On the train from Amsterdam to Paris via Brussels

This was our 3rd visit to France and 5th to Paris (what makes you think it is one of our favorite destinations) and walking the rues, between all those Haussmannian pierre de taille (dressed stone) buildings and seeing all those familiar landmarks again made me feel I’m home again. Even using the metro has become second nature.

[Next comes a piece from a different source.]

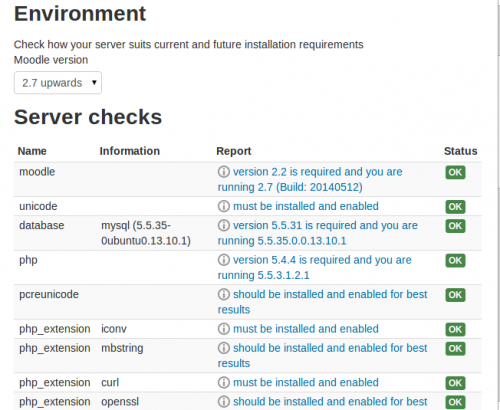 An administrator can check that their site meets all system requirements for the current and future versions of LMS in Administration > Site administration > Server > Environment. It is important to check system requirements prior to upgrading.

And for not believing everything you read on the internet, well that is true. On previous occasions we have stayed in the 3rd, 4th, 6th 10th arrondissements and this time our apartment was in the 11th. It was a little outside the usual tourist area and on the internet it showed there were several grocery stores in our area. However, arriving late on a Sunday afternoon we were in need of some basic groceries like milk, coffee, bottled water, wine (always, but specifically not needed on that day because I bought a bottle of South African red wine, a Nederburg Cabernet Sauvignon in Amsterdam) and also some vegetables, butter, cheese, etc. because I had to make dinner that night with some sausage we bought at a Christmas market in Amsterdam, which was supposed to be dried, but was not at all.


Google maps showed that all the groceries stores in the area would be closed by 12 noon with the last one opened only until 2 pm. We arrived at our apartment after 4 pm and immediately went searching for an open store, hopeful for a non-French owned produce store that sometimes also sells a few general groceries or a superette along Boulevard de Beaumarchais, which was not far from our apartment. Well, we found a Franprix convenient store, not shown on Google maps at all, just two blocks away and it was opened on Sundays until late. It was even opened on Christmas day until 12 pm. So while M had her feet up and caught up on her emails and Facebook correspondence, I slapped together a Penne with a Bolognaise sauce made from Dutch sausage, red wine, mushrooms and Swiss Emmental cheese and served it up with a small green salad and a few slices of baguette and creamy French butter. The strong flavorful dish was well supported by the Nederburg Cabernet Sauvignon.  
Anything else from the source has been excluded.